Sunday, October 6

How likely is it that an asteroid will hit Earth?

Imagine that an asteroid is heading at full speed towards Earth. It is the size of the Eiffel Tower, shaped like a peanut, and is potentially dangerous. It sounds scary, and it’s not even made up. The asteroid in question, called 2024 ON, has already passed by Earth. He did not avoid us, but there was never a chance of it crashing.

Since its discovery in July 2024, media and content creators made headlines about the details of the asteroid: it was 370 meters in diameter, traveling at about 40,000 kilometers per hour, was considered “potentially dangerous” by space authorities, and was heading towards the Land.

But as soon as 2024 ON was discovered, Astronomers calculated that it would pass by our planet at a distance of one million kilometers. That’s more than double the distance to the Moon. “Publications need to have these ‘cliffhangers’ to receive visits,” said Juan Luis Cano, of the European Space Agency’s Planetary Defense Office. “But daily we receive visits from many objects.”

In fact, around 100 tons of space material impact Earth every day. Fortunately, the mass is distributed among many tiny particles, rather than one large destroying body.

Near-Earth Objects

The Office of Space Affairs of the The United Nations defines near-Earth objects (NEOs) simply as any asteroid or comet that passes close to Earth’s orbit..

In more technical terms, NEOs are objects with a perihelion (their closest orbital distance from the sun) of less than 195 million kilometers.

Since the Earth orbits the Sun at a distance of about 150 million kilometers, NEOs are well within our solar neighborhood. Scientists like Cano know of about 34,000 NEOs, but none of the largest are currently on track to impact Earth.

How likely is an asteroid impact?

While tiny NEOs hit Earth every day, larger ones do so much less frequently. Asteroids the size of 2024 ON could hit Earth once every 10,000 years.

Those more than a kilometer in diameter, like the Chicxulub asteroid that caused the extinction of the dinosaurs 66 million years ago, could do so every 260 million years.

“We estimate that there are around a thousand objects larger than one kilometer and we have discovered 95% of them,” Cano said. “They are the ones that could really cause a global disaster.”

But the smallest ones also have destructive potential. Depending on the speed and angle of entry into Earth’s atmosphere, a 40-meter-wide rock could level an entire city. Hundreds of thousands of smaller NEOs have not yet been catalogued. “We discovered around 3,000 near-Earth asteroids [NEAs] every year,” Cano said. “But we need to find them faster.”

Finding nearby objects: a ‘complicated’ task

In the last decade or so, two space telescopes have been in charge of finding NEOs. First was NEOWISE, which documented more than 158,000 NEOs before retiring in 2024 on a more than 10-year mission. Second is a mission called Near-Earth Object Surveyor.

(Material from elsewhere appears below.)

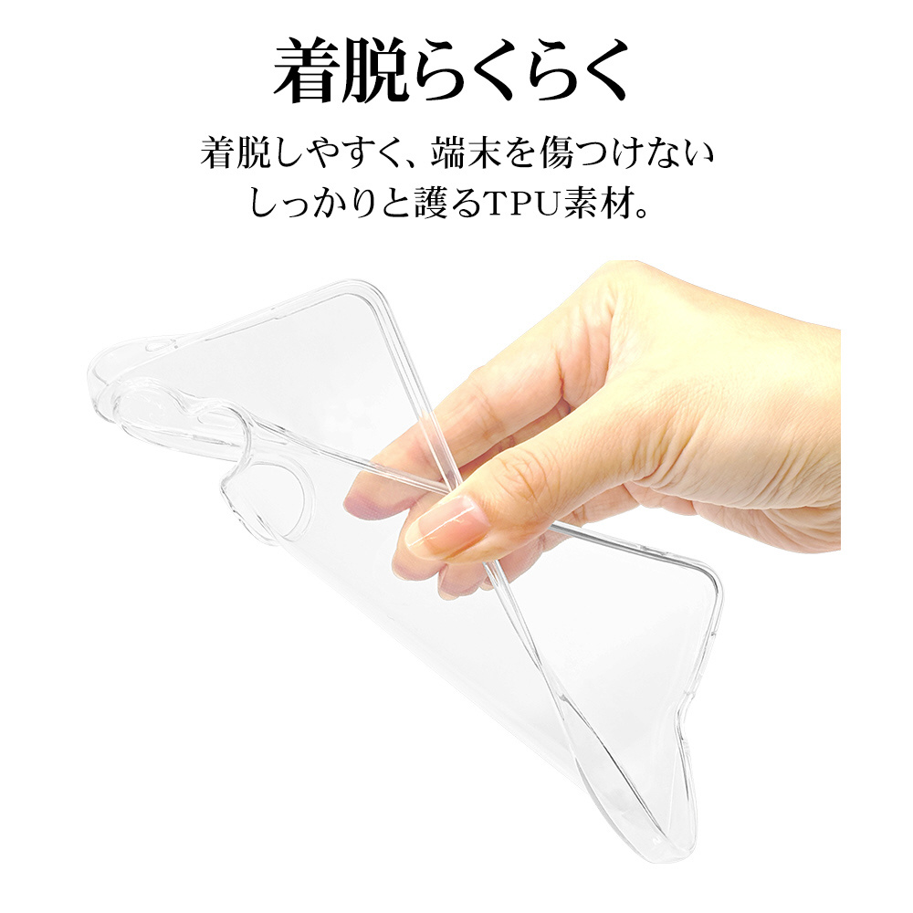 ●滑りにくく、しなやかなTPU素材で優しく端末を護ります。※衝撃吸収については、一般的なポリカーボネート製ケースと比較した自社検証結果で、無破損、無故障を保証するものではありません。

The NEO Surveyor should begin operating in 2027. Its objective will be to find the rest of the potentially dangerous asteroids 50 million kilometers from Earth’s orbit. But finding dangerous objects in space is complicated. “One of the hardest things to do in astronomy is determine how far away something is,” said Amy Mainzer, a UCLA planetary scientist who led the NEOWISE mission and will lead NEO Surveyor.

“One might think, ‘Well, we see objects at the edge of space, why don’t we know what’s right next to us here on Earth?’ Don’t we know everything?’ and the answer is, ‘No, it’s actually very difficult.'”

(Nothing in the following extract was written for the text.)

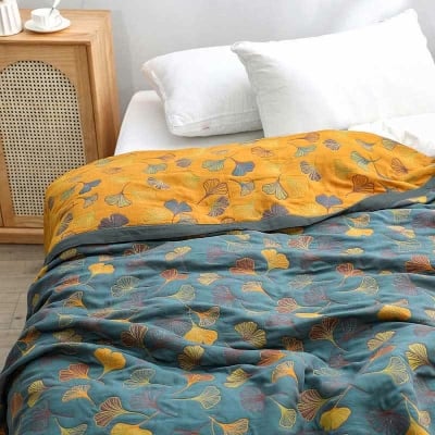 Ginkgo Leaf Cotton Gauze Reversible Quilt

Take Apophis for example. When it was first identified in 2004, the 340-meter-wide Apophis was considered one of the most potentially dangerous objects ever discovered. It was thought that it could impact the Earth in 2029, 2036 or 2068.

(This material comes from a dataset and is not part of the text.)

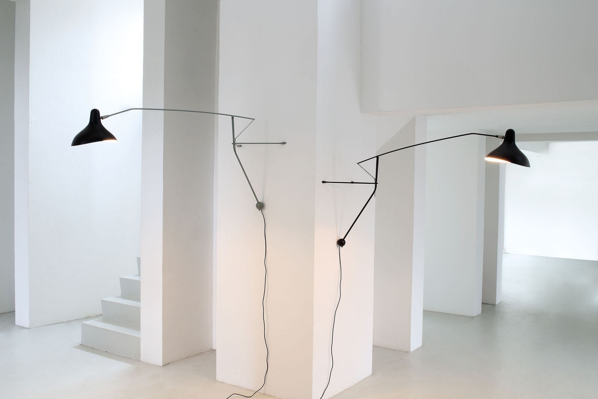 L'applique murale Mantis BS2 de couleur noire, joue sur la tension entre l'équilibre et le déséquilibre et défie la loi de la pesanteur.

Subsequent calculations ruled out that possibility. Apophis will pass 30,000 kilometers from the planet, closer than the Moon and within the range of geostationary satellites. But according to current projections the impact will not occur.

What would happen if a new rogue NEO was detected on a collision course with Earth? If given enough notice, engineers could try to reroute it.

In 2022, NASA’s Double Asteroid Redirection Test (DART) mission successfully crashed a spacecraft into an asteroid called Dimorphos. It was shown that a mission based on collisions could change the direction of a celestial body and defend our planet.

ESA plans to launch a reconnaissance mission called Hera in October 2024 to inspect the aftermath left by DART.